Down the hall, Annie opens her locker to spy Jasper in her vanity mirror, horror-movie style. He swoons how much he missed her, so she doesn't mince words. She tells him they're over, she's breaking up with him. He threatens to tell the police about her hobo homicide tendencies. She starts to cry and asks why he's doing this to her. He tells her that he loves her and wants them to put their mistakes behind them. If she promises to do so, he'll keep her secret. He extends his hand, and she takes it, proving blackmail is the surest way to a woman's heart. Naomi and Silver see them walking hand-in-hand and disapprove.
Some time later, Dixon finds Silver alone in a room and broaches the topic of their kiss at the formal. She blurts out that it was obviously a mistake, that she was feeling vulnerable after Teddy rejected her, and maybe she just jumped to conclusions. Dixon, obviously taken aback, silently rides the wave of rejection as Silver says she's going to talk to Teddy later. He says he'll talk to her later before slumping out of the room like Charlie Brown.
Outside, Naomi sits down at Ivy's lunch table and starts up a little small talk. Ivy mistakenly thinks Naomi is actually interested in her grrrrl power comic book and starts yammering about the characters. Naomi cuts her off: "Whoa! Spoiler alert!" Pretty masterful if I do say. Also, hilarious. She gets down to business and thanks Ivy for stepping aside for her and Liam. She even brought her a gift back from vacay. It's a leopard-print Fendi baguette with red accents, a complete 180 from Ivy's actual taste (if you can consider her Quiksilver sale rack wardrobe taste). Quoth Naomi, "I hope you don't have one already!" Ivy assures her she doesn't.
On the football field, Teddy and Dixon have conveniencidentally been paired up for UFC-style sparring practice. And this is where Teddy gets his rage out. To his credit, he confronts Dixon to his face about kissing Silver instead of just beating the crap out of him. Though there is a bit of that, too. He asks if there's something going on between them. Instead of saying no, as an honest person would do, Dixon tells Teddy he and Silver are considering getting back together but want to keep things on the DL. What a D-bag.

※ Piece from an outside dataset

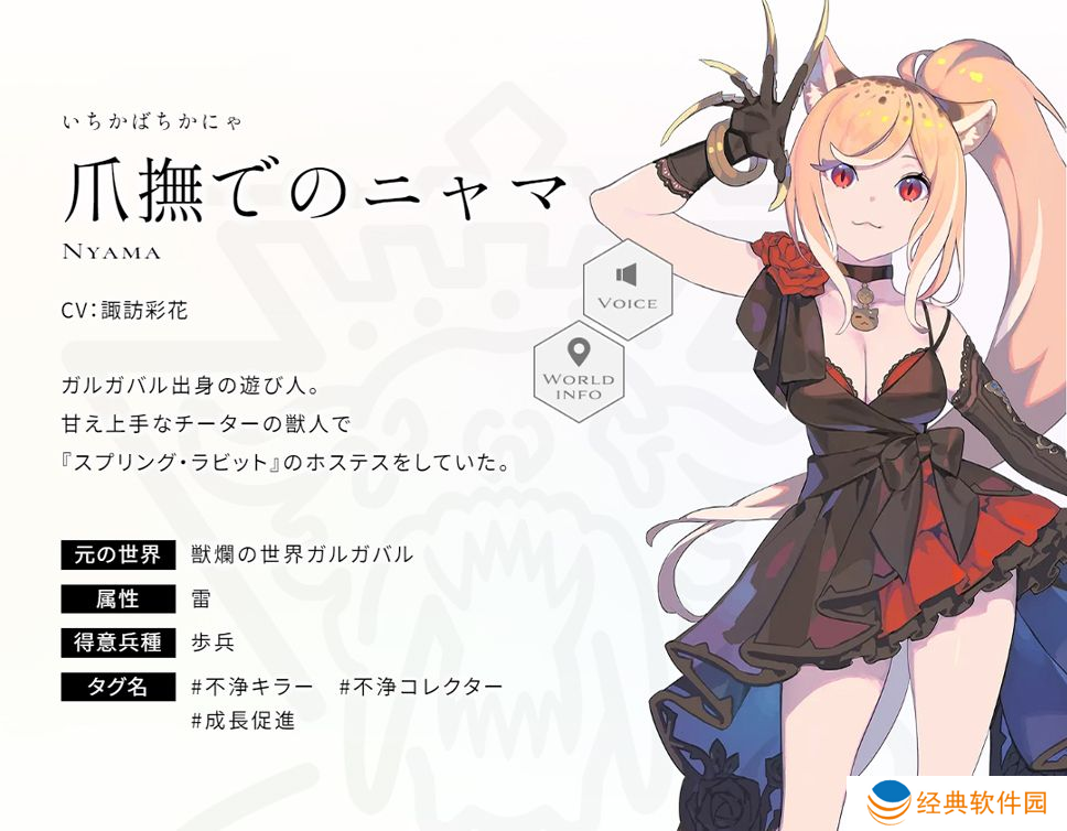 加尔加巴出身的赌徒。擅长撒娇的作弊者兽人,曾是『Spring Rabbit』的公关小姐。

Back outside, Annie sits at a table alone (unless you count her eight-inch long roots). She wistfully watches all the normal, un-blackmailed people. Naomi and Silver join her and ask about her break before asking her about Jasper. She tells them it's complicated. They beg to differ -- he's a pusher, a creep, and greasy (Naomi adds this at the end because it's clearly the worst sin in her mind). Annie tells them to back off and storms away.
Silver heads back inside and finds Teddy. She broaches the subject of the dance, but he cuts her off telling her she was right about him: "Once a player, always a player." She is obviously hurt, and so is he but just shows it differently. Specifically, by throwing in her face the names of all the possible girls he might take to the beach party that weekend. He gives her a smug grin, and she walks off. He watches her go, and his smirk reveals a bit of regret. They part ways, and Navid passes into view. Jasper crosses his path, and Navid smarmily calls out to him like they're bros or something. Hint for Hero Navid: Don't make it quite so obvious when you're about to single-handedly try to take someone down. Especially a drug dealer. Down the corridor, Naomi finds Dixon to tell him about Annie and Jasper. She agrees that it's not her place to interfere but thinks Annie might listen to him.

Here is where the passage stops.